#### EXERCISE:
Where the line containing "9. تنه درب را" appears below, begin there and reproduce each line exactly through the last one, omitting pictures.

#### EXERCISE MATERIALS:
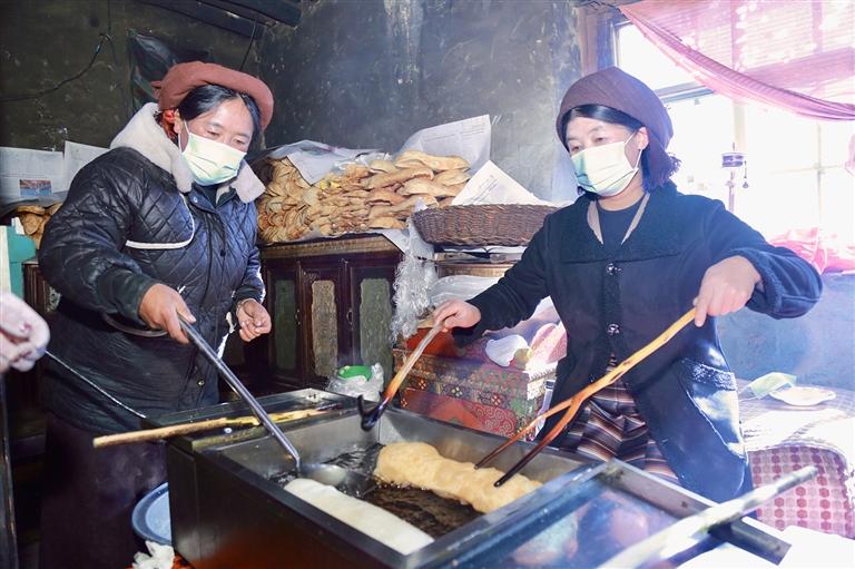 “德卡”,作為傳統(tǒng)藏式點(diǎn)心“卡塞”的一種,在藏歷新年的年貨清單里占據(jù)著不可或缺的位置。每到藏歷新年前夕,旦索朗一家便進(jìn)入了一年中最忙碌的時(shí)段——經(jīng)營(yíng)起制作和售賣(mài)卡塞的生意。旦索朗回憶起小時(shí)候的新年,感慨萬(wàn)分:“小時(shí)候過(guò)年,家家戶(hù)戶(hù)都自己炸卡塞,那時(shí)候,整個(gè)村子都被卡塞的濃香包圍著?,F(xiàn)在生活條件好了,很多人覺(jué)得在外購(gòu)買(mǎi)德卡更方便省事,這也給我們帶來(lái)了商機(jī)。我們做炸德卡的生意已經(jīng)6年了,一直都很受歡迎,還帶動(dòng)了6名村民一起參與,增加了大家的收入。”
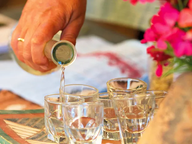 Although ouzo is Greece’s best-known tipple, you’re almost certain to come across Tsipouro (or raki) too. This clear, potent spirit is made from grapes and is typically served in small glasses as a welcome drink or after your meal. If you’re eating fish, it’s traditional to drink the pine-flavoured retsina.
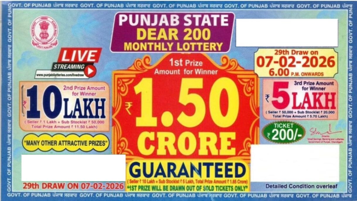 Punjab State Dear 200 Monthly Lottery 7 Febraury 2026 At 6 PM
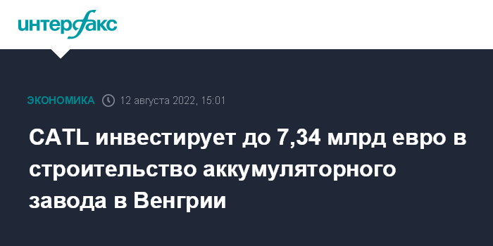 Москва. 12 августа. INTERFAX.RU - Китайская Contemporary Amperex Technology Co. Ltd. (CATL), ведущий производитель аккумуляторов для электромобилей в Китае, планирует построить свой второй завод в Европе.
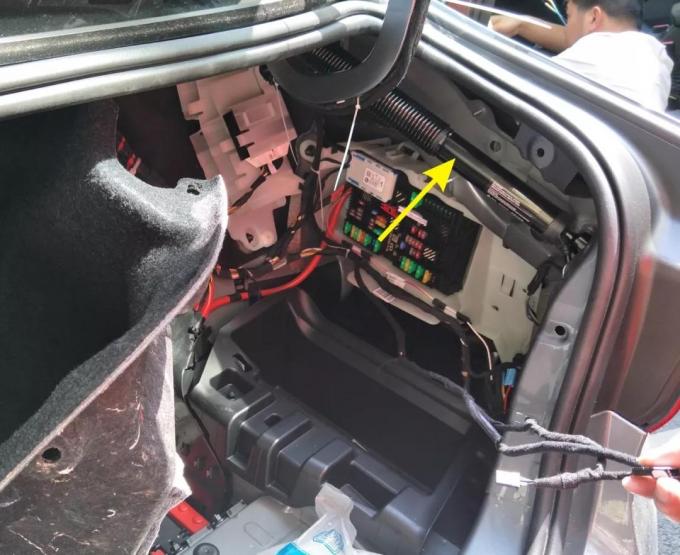 9. تنه درب را برای یافتن مکش الکتریکی خودرو اصلی پیدا کنید.
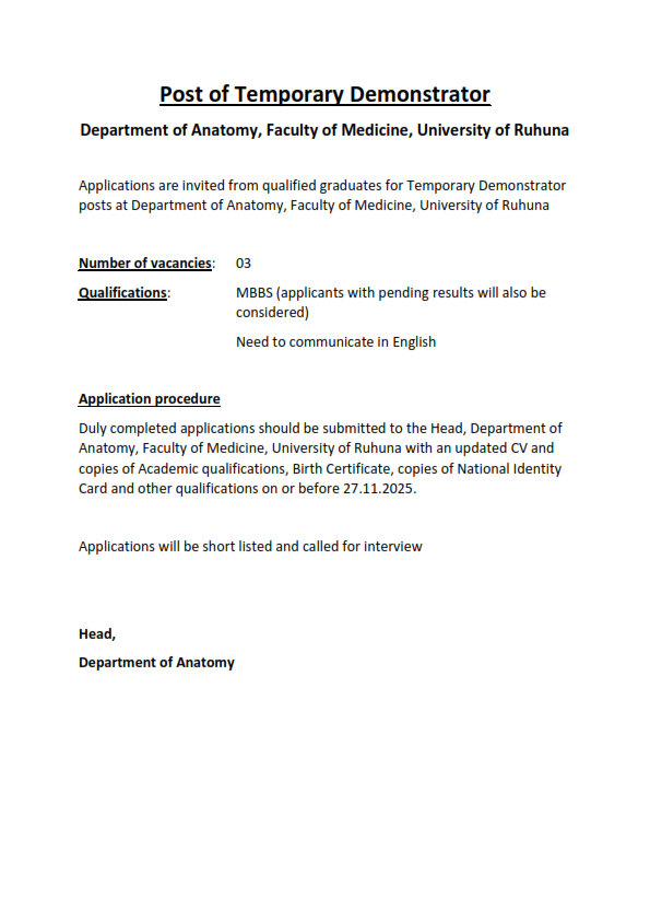 Post of Temporary Demonstrator ,Department of Anatomy, , Faculty of Medicine, University of Ruhuna November 13, 2025

#### COMPLETED TASK:
 9. تنه درب را برای یافتن مکش الکتریکی خودرو اصلی پیدا کنید.
 Post of Temporary Demonstrator ,Department of Anatomy, , Faculty of Medicine, University of Ruhuna November 13, 2025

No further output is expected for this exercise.